__Dataset content__:
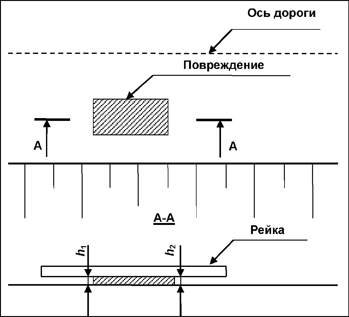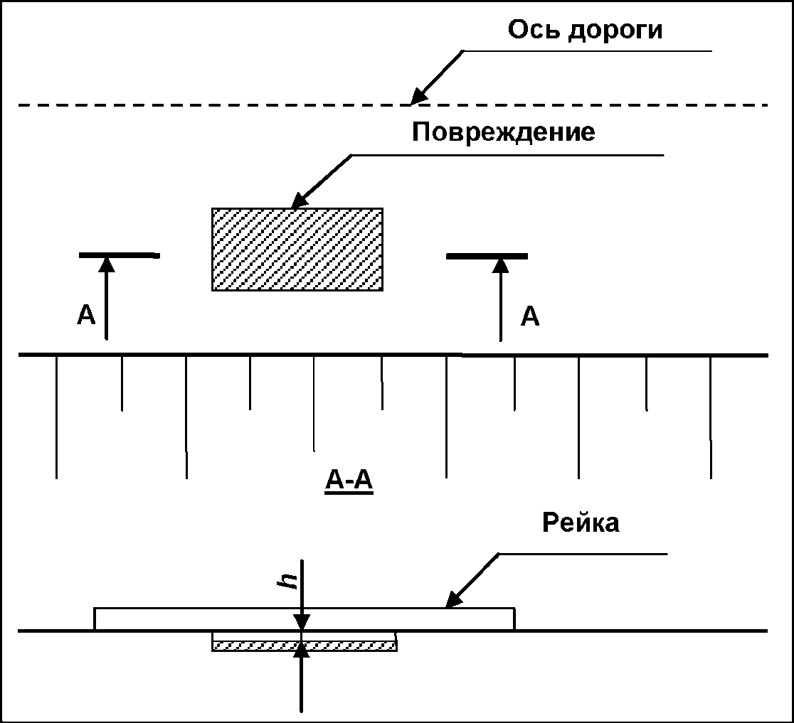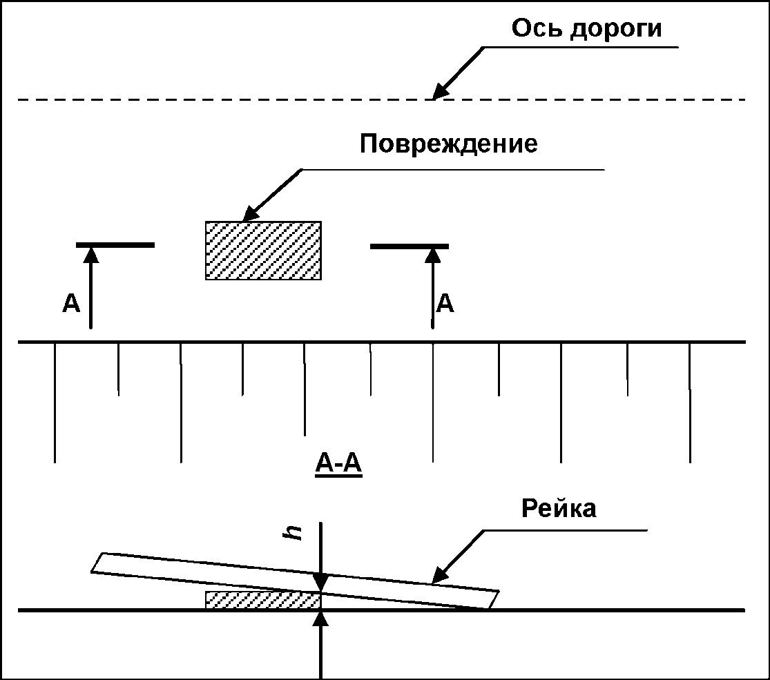 Сущность метода заключается в измерении протяженности повреждения в направлении, параллельном оси автомобильной дороги, и измерении клиновым промерником или металлической линейкой максимального просвета под трехметровой рейкой, уложенной на дорожное покрытие в направлении, параллельном оси автомобильной дороги.
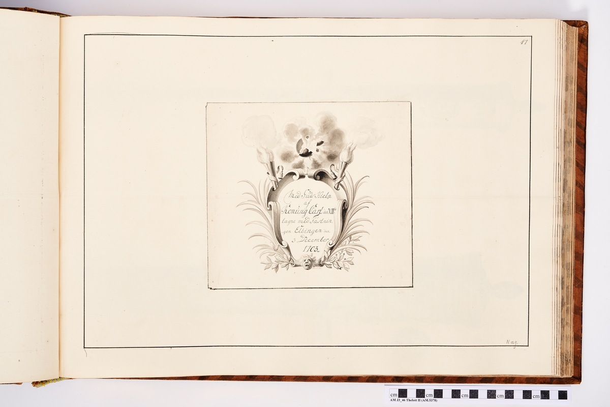 Kartusch till bokverk med avbildningar föreställande eldrör tagna som troféer av den svenska armén åren 1703-1706, utförda av syskonen Anna Maria och Philip Jakob Thelott. Avser troféer tagna med fästningen Elbingen den 3 december 1703.
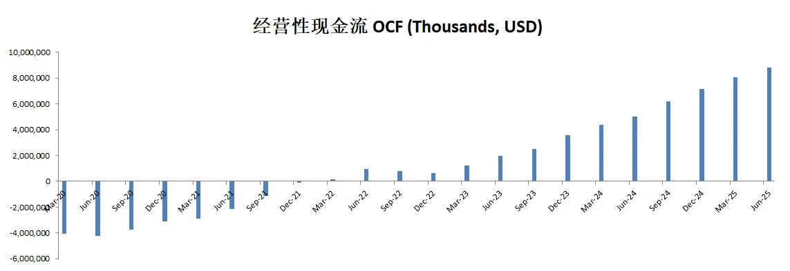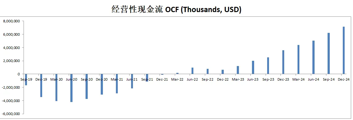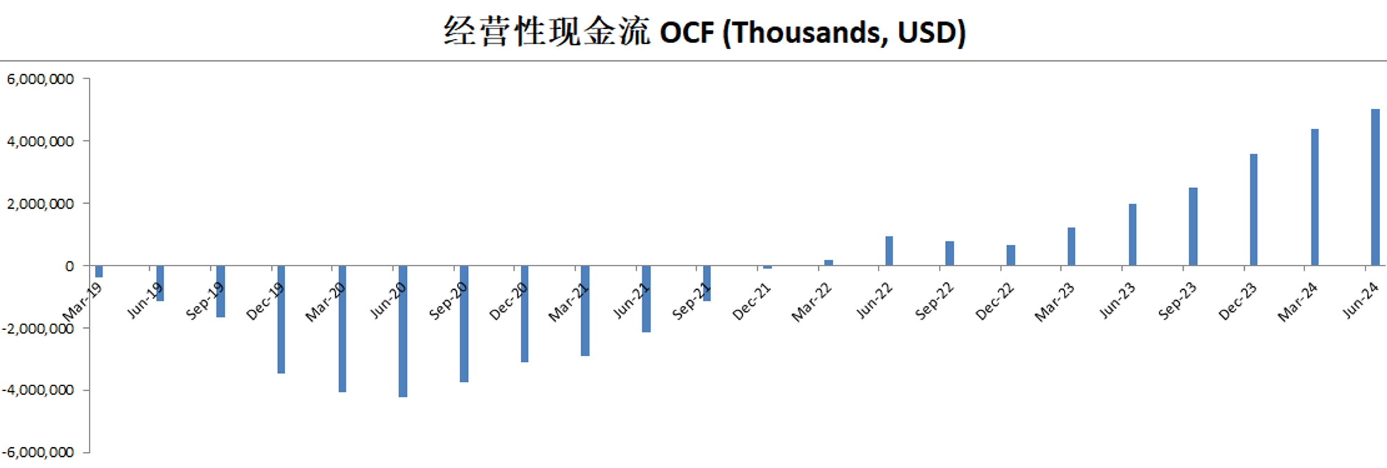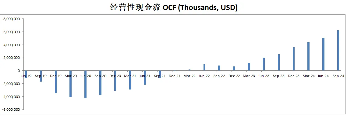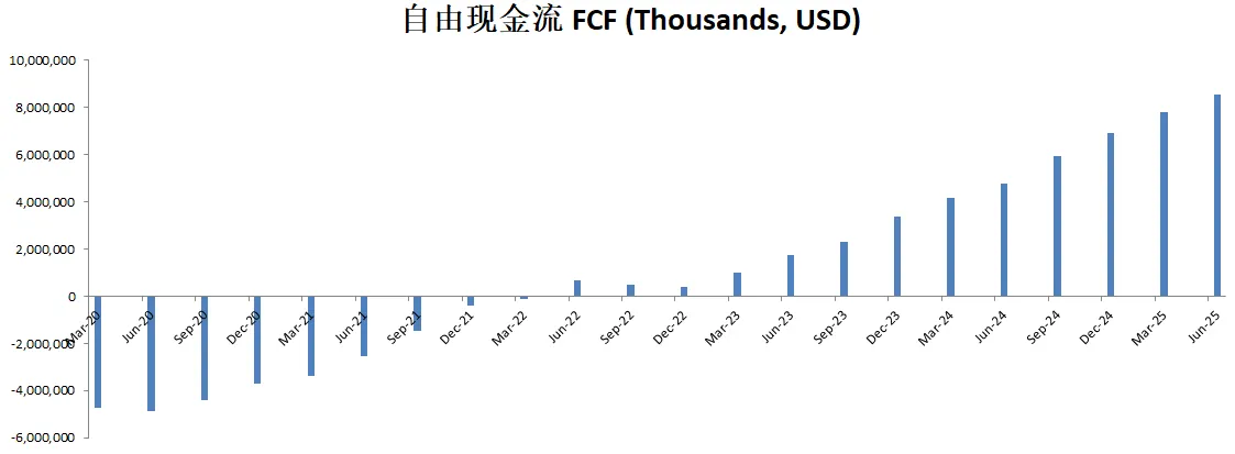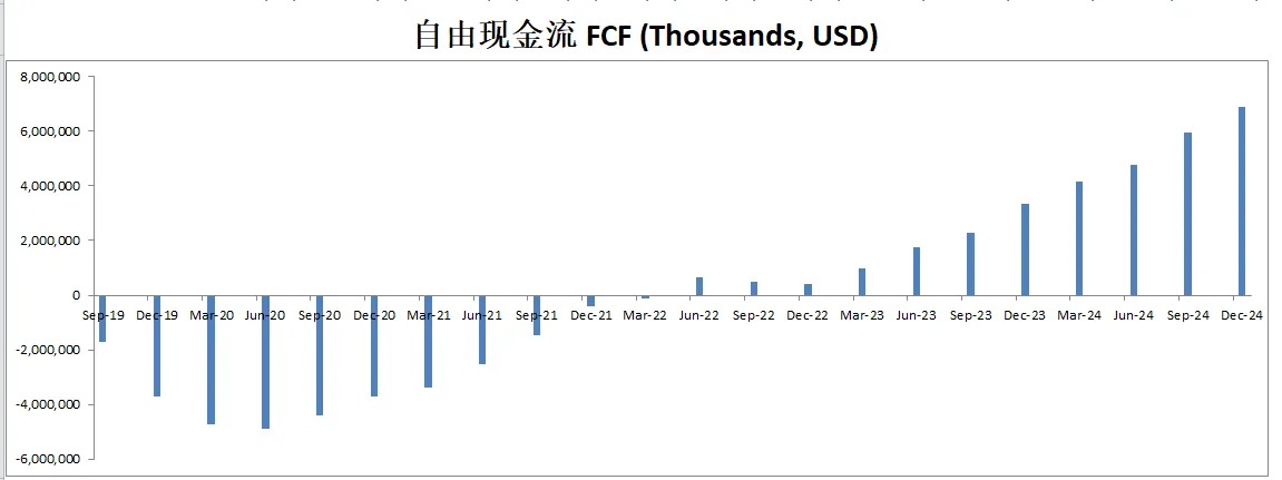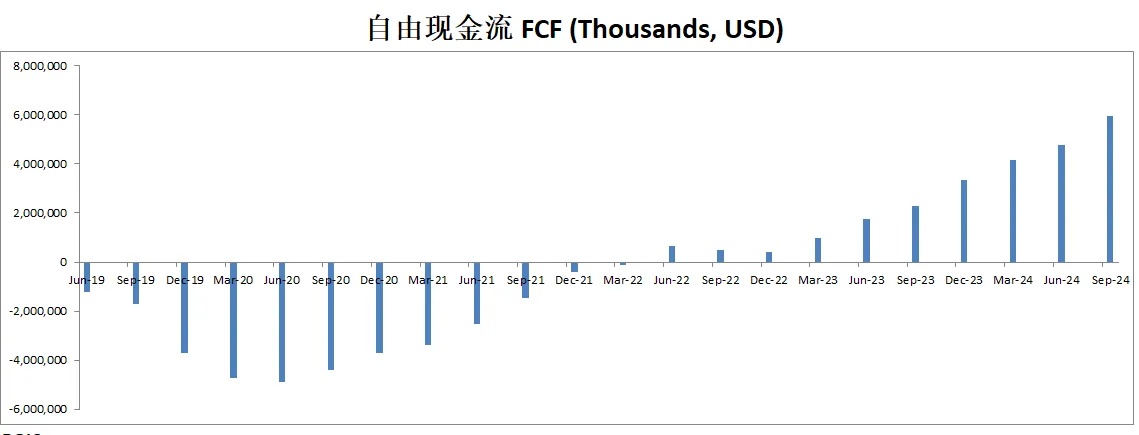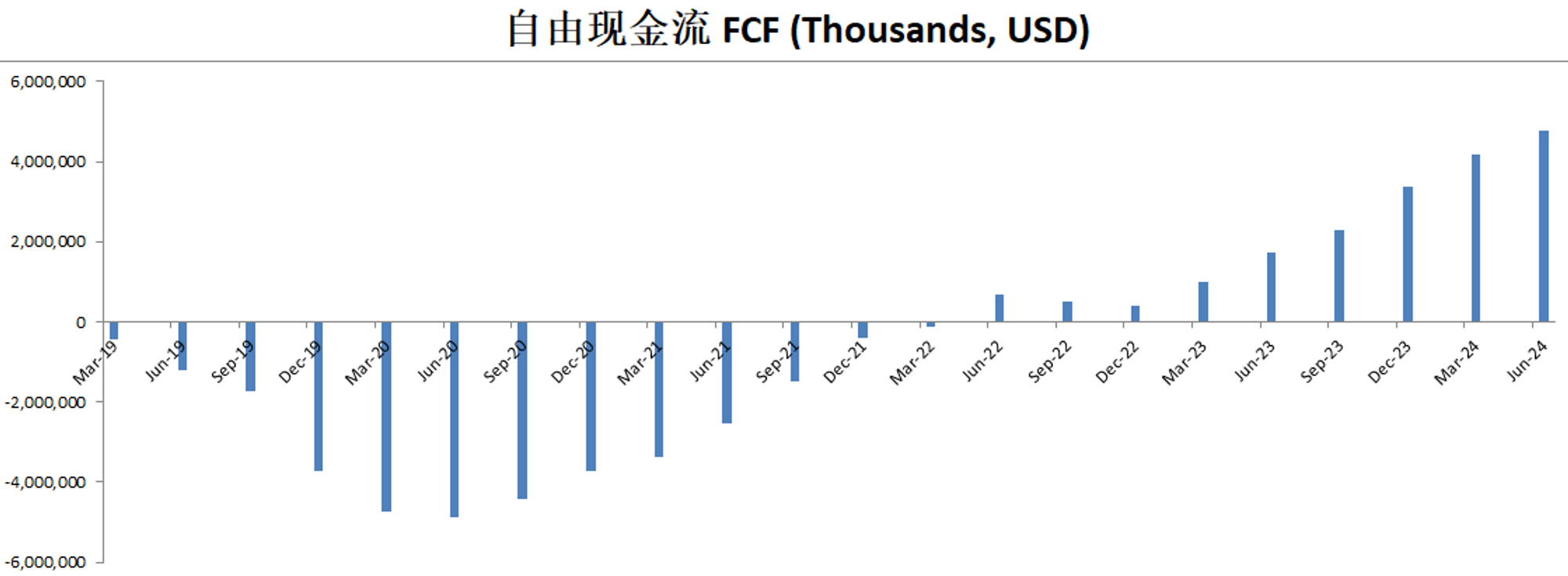 盈利能力也是大幅增长,最新自由现金流已经来到了3.36B,创下历史新高。

__Task goal__:
The lines from the one containing "Kartusch till bokverk" through the end of the data above are to be copied exactly, both ends included, and pictures are to be omitted.

__Solution to the problem__:
 Kartusch till bokverk med avbildningar föreställande eldrör tagna som troféer av den svenska armén åren 1703-1706, utförda av syskonen Anna Maria och Philip Jakob Thelott. Avser troféer tagna med fästningen Elbingen den 3 december 1703.
 盈利能力也是大幅增长,最新自由现金流已经来到了3.36B,创下历史新高。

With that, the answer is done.